* Assignment: Nothing should appear in the answer except the lines below from the line containing "新郎ゲストに体を張ってもらうユニークな演出。" through the line containing "1. NEW RUBY", copied exactly, with pictures left out.

* Data records:
····················

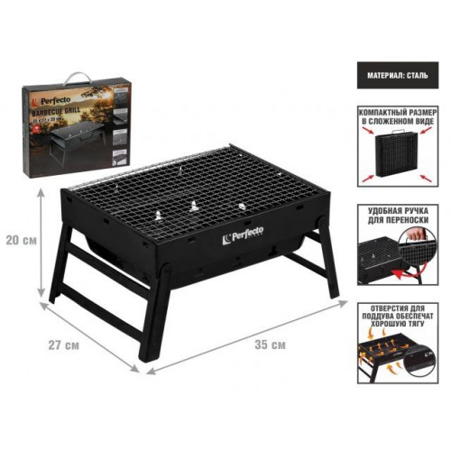 Мангал-барбекю складной с решеткой, 35х27х20 см, сталь, PERFECTO LINEA
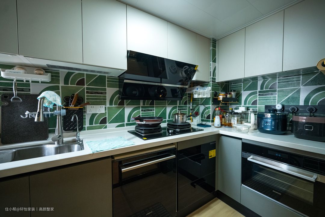 厨房空间不大,L型厨房的设计有助于使厨房动线更为流畅,能够容纳更多物品,嵌和消毒柜不占台面空间足处体的需求。饱和度不一的灰色系橱柜,让厨房空间显得高级简洁,而墙面的绿色花纹砖又增添了清新活跃气息~~
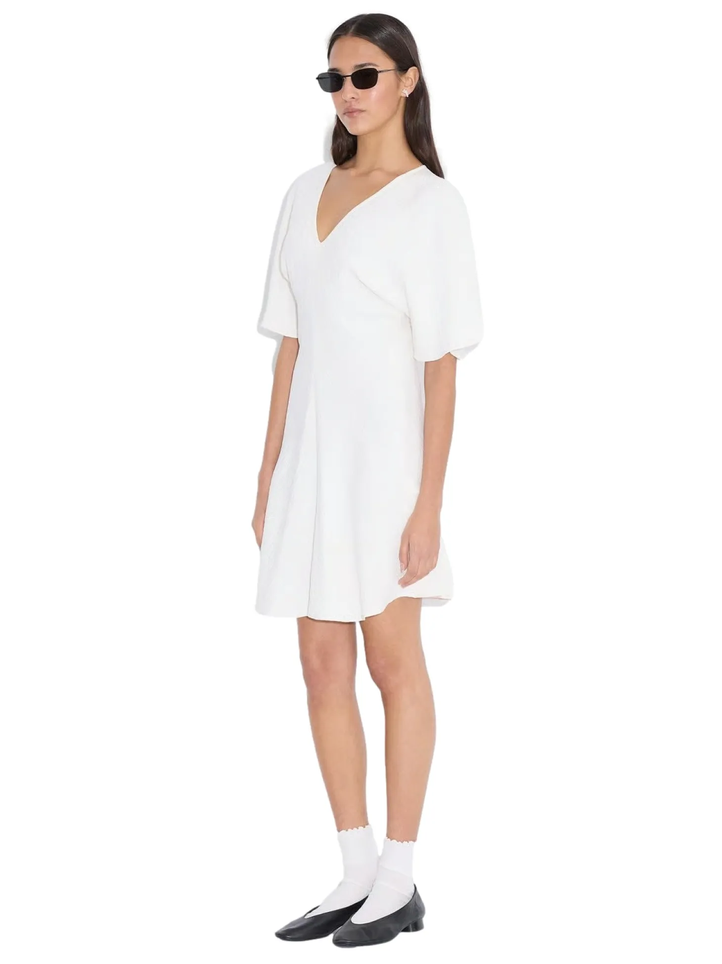 Kortermet kjole med v-hals og innsving i midjen.
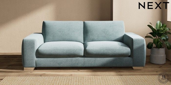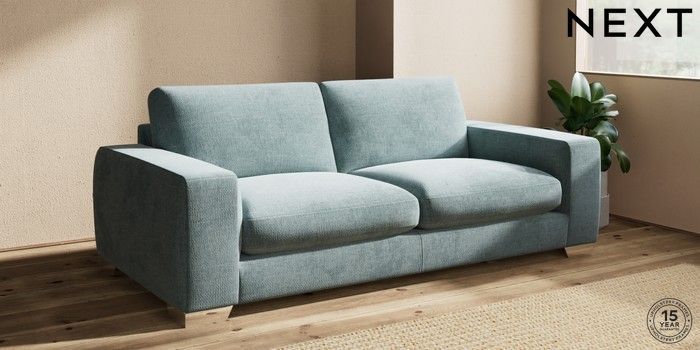 7.2.10 Houghton Deep Sit 3 Seater Sofa Chunky Chenille Light Teal Green Large Square Angle - Chrome Metal | Made Click here to use our website with more accessibility support, for example screen readers
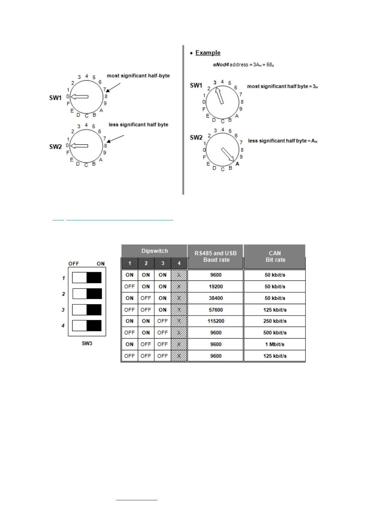 Dipswitch selection (SW3) is accessible from the front panel. The new baud rate only is taken into account after a reset.
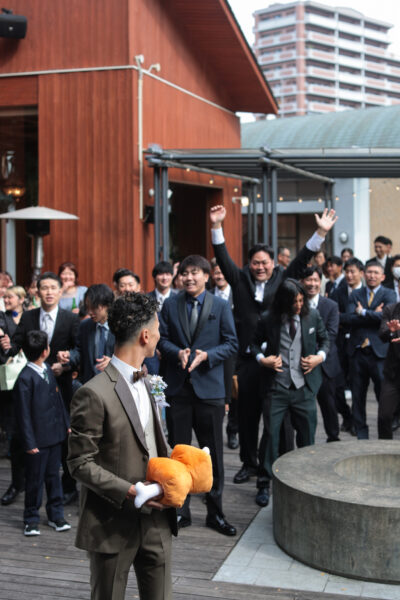 新郎ゲストに体を張ってもらうユニークな演出。
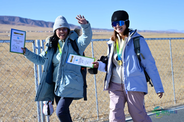 青海湖两位徒步爱好者成功抵达徒步活动终点。新华社记者 齐芷玥 摄
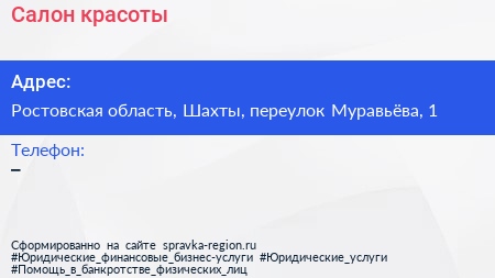 Салон красоты по адресу Ростовская область, Шахты, переулок Муравьёва, 1 в дальнейшем Организация, размещена в следующих категориях:
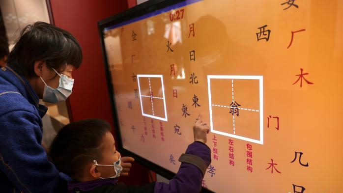 图为游客在“形意万千——汉字文化大观展”上互动。(图/中新社)
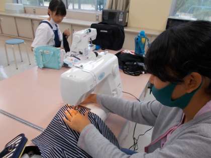 ミシンを使ってのエプロン作り。ミシンの扱いにも随分と慣れてきたようです。
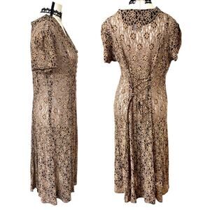 1. NEW RUBY CALIFORNIA MADE IN USA BROWN/BLACK LACE ORNATE BUTTON UP MAXI SHEER DRESS. BEAUTIFUL! ORNATE BEADED FRONT.
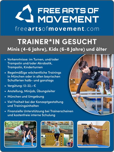 Wir bilden aus! Du hast Interesse an Parkour, Trampolin, Ninja Warrior oder Freestyle Turnen und möchtest deine Leidenschaft zum Beruf machen? Wir freuen uns über deine aussagekräftige Bewerbung an jomo@freeartsofmovement.com

····················

* Response to the task:
 新郎ゲストに体を張ってもらうユニークな演出。
 青海湖两位徒步爱好者成功抵达徒步活动终点。新华社记者 齐芷玥 摄
 Салон красоты по адресу Ростовская область, Шахты, переулок Муравьёва, 1 в дальнейшем Организация, размещена в следующих категориях:
 图为游客在“形意万千——汉字文化大观展”上互动。(图/中新社)
 ミシンを使ってのエプロン作り。ミシンの扱いにも随分と慣れてきたようです。
 1. NEW RUBY CALIFORNIA MADE IN USA BROWN/BLACK LACE ORNATE BUTTON UP MAXI SHEER DRESS. BEAUTIFUL! ORNATE BEADED FRONT.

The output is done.